Bryan Knowles: It's 14-6 going into the half. 14-6 Chargers. That's a surprise, but the Chiefs offense hasn't really gotten into a groove all game long. Yes, the Kansas City offensive line is having problems but, as Geoff Schwartz pointed out on Twitter, this isn't all the offensive line. Mahomes is holding onto the ball and drifting out of the back of the pocket rather than stepping up into clean air. That was something he struggled with during his first few starts, and it has raised its head again today as the Chiefs' many, many weapons haven't been as open as perhaps he's used to. I mean, you never count the Chiefs out; they could score 35 points in the third quarter without breaking a sweat. But the Chargers holding on would probably be the upset of the week for most people.

Cale Clinton: In games that Pat Mahomes has started, the Chiefs have only punted five-plus times in a game five times. Two of those games have come against the Chargers.

Aaron Schatz: Given that Philadelphia (+1.5) was the only favorite to lose in the early games, Chargers winning would be the upset of the week for ALL people.

Vince Verhei: The Chargers' deep-completion-and-lateral on the last play of the first half goes nowhere, and it's still 14-6 at halftime. Mahomes has not been sacked, but the pressure is clearly affecting him. He's 8-of-19 for 60 yards. Even on their one scoring drive, it was mostly Clyde Edwards-Helaire and Darwin Thompson running (plus Mahomes' own scramble) that got them there.

I'm not sure what to say about Herbert. I mean, he's clearly playing well and hasn't made any bad mistakes, but there's something about him that still looks ... well, like a rookie quarterback making his first start who is still very much figuring out how this works.

Scott Spratt: Woah, CBS showed a graphic that this is the first time the Chiefs have trailed at half in 15 games. That's crazy. It seemed like they were down multiple scores every playoff game.

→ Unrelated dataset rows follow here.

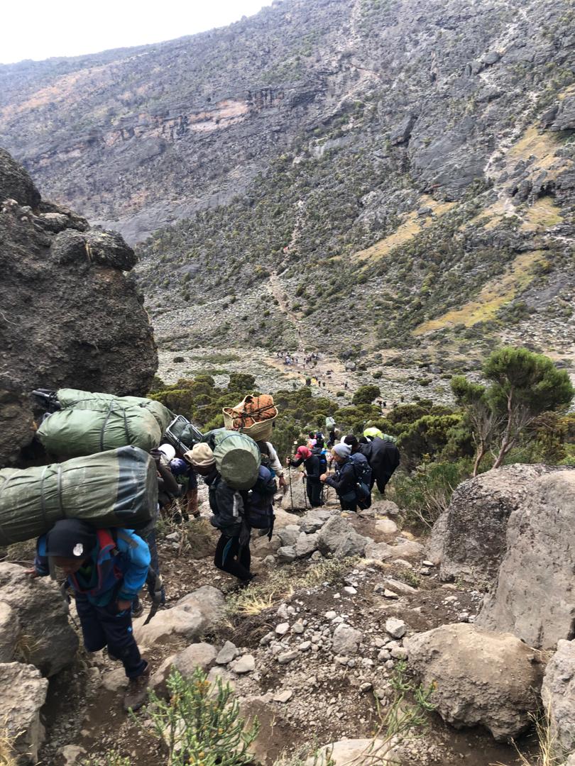 Machame Camp (2835m) to Shira Camp (3750), distance is about 5 km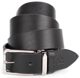 Классический ремень для брюк, который благодаря универсальному черному цвету будет отлично сочетаться с одеждой в классическом стиле любого оттенка. Ремень выполнен из кожи высокого качества и лишен лишних дизайнерских деталей – холст и шлевку украшает небольшое стильное тиснение логотипа бренда-производителя.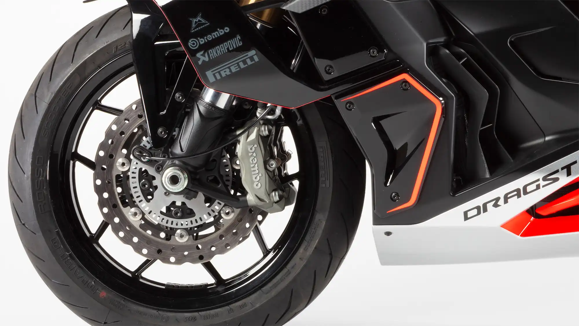 Italjet Dragster 459 Twin se kotrlja na relativno velikim, odgovarajuće stabilnim točkovima i gumama, dimenzija 120/70 ZR 15 napred i 160/60 ZR 15 pozadi. Ovo je dopunjeno dvostrukim prednjim disk kočnicama, koje, kao i zadnju disk kočnicu, nadgleda ABS. Brembo za ovu svrhu isporučuje prestižne kočne čeljusti.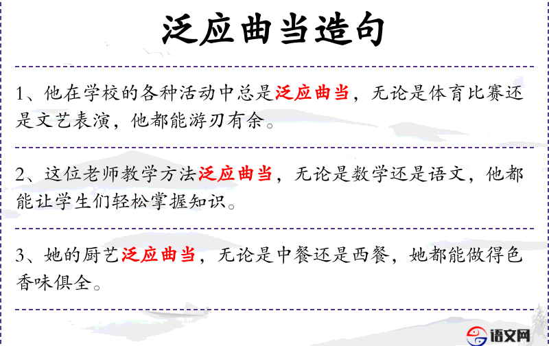 1. 【泛应曲当】 - 指广泛适应,无不恰当。

Vince Verhei: Scott, I don't know if you're being sarcastic, but they WERE down multiple scores in all three playoff games. But they were ahead or tied at halftime in all three of them.

Scott Spratt: Yeah, I'm not sure my brain fully processed how quickly they erased all of those deficits. I guess the Chargers should try to keep scoring.

Aaron Schatz: I think Herbert has been better than maybe we're giving him credit for. He just zipped one downfield to Keenan Allen, with a pass-rusher in his face, that was just past the outstretched arm of Tyrann Mathieu and came down perfectly in Allen's hands. And that was the second pass of two that turned second-and-24 (after a sack) into a new set of downs.

Aaron Schatz: There's a rookie decision by Herbert, throwing into traffic across his body instead of taking an easy scramble for a first down.

Rob Weintraub: Just moments after Tony Romo goes and compares Herbert to Kyler Murray, based on three quarters of decent but hardly scintillating play, the rookie rolls left, blows off an easy first-down run, and heaves one across his body deep, which gets picked by L'Jarius Sneed. Herbert will learn from that, but will ($10 million per year) Romo?

Cale Clinton: The Herbert interception changes things, but headed into the fourth quarter, I just wanted to share something I found. If this eight-point margin holds, it will be the largest loss of Patrick Mahomes' career. The biggest loss in a Mahomes start was Week 16 of 2018, when the Chiefs lost to the Seahawks 38-31.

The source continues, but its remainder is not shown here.